→ RECORDED INFORMATION:
========================================
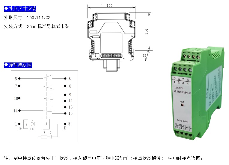 DCVJ電源監(jiān)視繼電器,適用于直流系統(tǒng)電源失電監(jiān)視,當(dāng)電源電壓正常時(shí)繼電器動(dòng)作,同時(shí)LED電源指示燈亮起,當(dāng)電源電壓低于30V或電源消失,繼電器將延時(shí)0.5s后返回,同時(shí)LED指示燈熄滅。
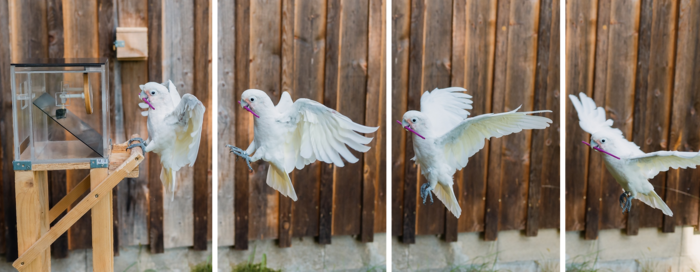 IMAGE: THIS IS A SERIES OF PHOTOS OF FIGARO THE GOFFIN'S COCKATOO FLYING WHILE CARRYING A SET OF TWO TOOLS TOWARDS A BOX CONTAINING A CASHEW. view more
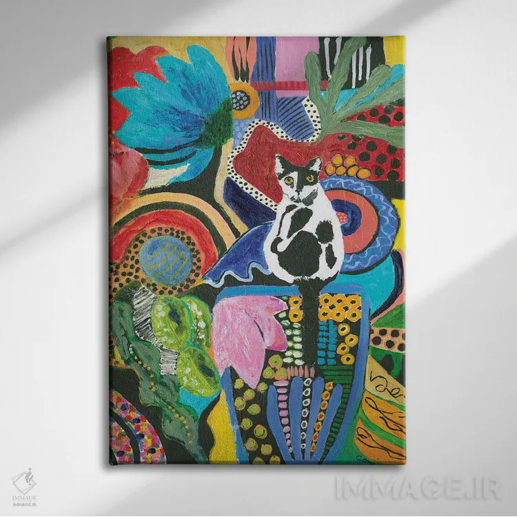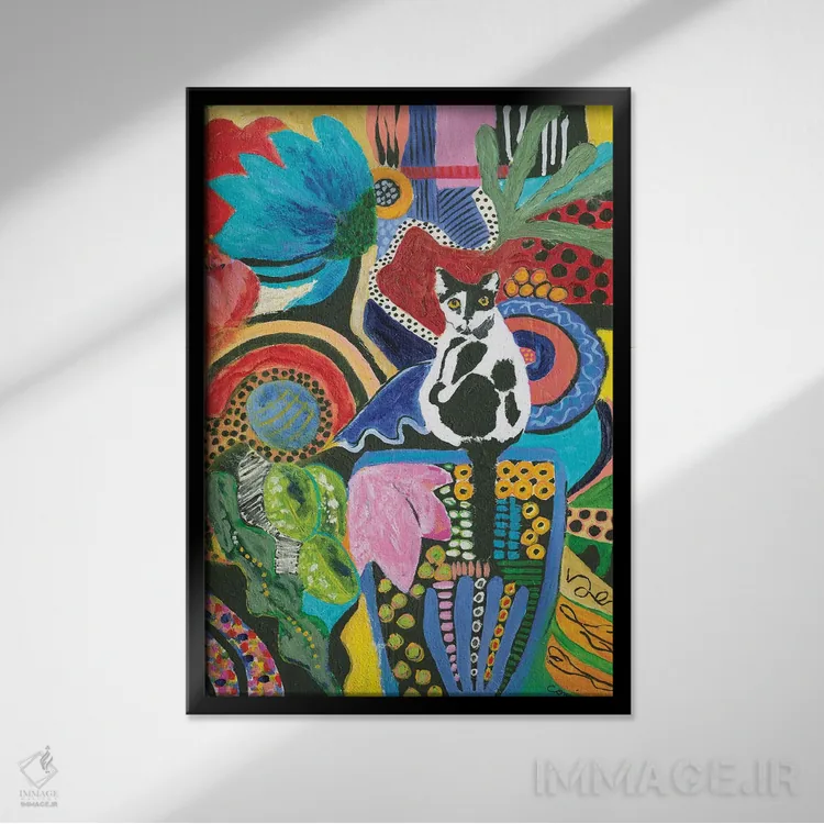 برای دیوارهای ساده، «همنشینی گربهٔ موو (الهام از صدای گاو یا اسم)» اثرِ «کانی کالم» بدون کودکانه شدن، بازیگوش و خوشپرداخت میماند؛ برای اتاق بازی یا گوشهٔ مطالعه انتخابی خوشسلیقه است. هم فضا را گرم میکند، هم شلوغش نمیکند.
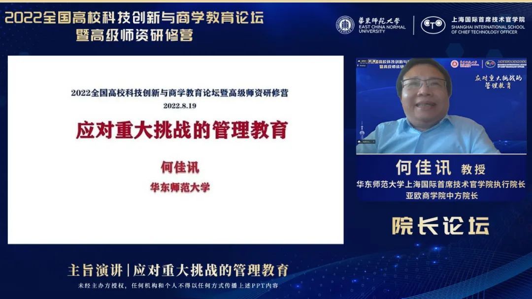 华东师范大学上海国际首席技术官学院执行院长、亚欧商学院中方院长何佳讯教授作了题为“应对重大挑战的管理教育”的主旨演讲。何佳讯将商学教育和背后的管理研究结合在一起进行分析,从指出当前中国商科优秀生普遍存在的问题开始,指出其背后形成的可能原因,并提出要高度重视创造力、领导力、价值导向三点建设性意见。
========================================
Exclude all images and return the listing word for word.

 DCVJ電源監(jiān)視繼電器,適用于直流系統(tǒng)電源失電監(jiān)視,當(dāng)電源電壓正常時(shí)繼電器動(dòng)作,同時(shí)LED電源指示燈亮起,當(dāng)電源電壓低于30V或電源消失,繼電器將延時(shí)0.5s后返回,同時(shí)LED指示燈熄滅。
 IMAGE: THIS IS A SERIES OF PHOTOS OF FIGARO THE GOFFIN'S COCKATOO FLYING WHILE CARRYING A SET OF TWO TOOLS TOWARDS A BOX CONTAINING A CASHEW. view more
 برای دیوارهای ساده، «همنشینی گربهٔ موو (الهام از صدای گاو یا اسم)» اثرِ «کانی کالم» بدون کودکانه شدن، بازیگوش و خوشپرداخت میماند؛ برای اتاق بازی یا گوشهٔ مطالعه انتخابی خوشسلیقه است. هم فضا را گرم میکند، هم شلوغش نمیکند.
 华东师范大学上海国际首席技术官学院执行院长、亚欧商学院中方院长何佳讯教授作了题为“应对重大挑战的管理教育”的主旨演讲。何佳讯将商学教育和背后的管理研究结合在一起进行分析,从指出当前中国商科优秀生普遍存在的问题开始,指出其背后形成的可能原因,并提出要高度重视创造力、领导力、价值导向三点建设性意见。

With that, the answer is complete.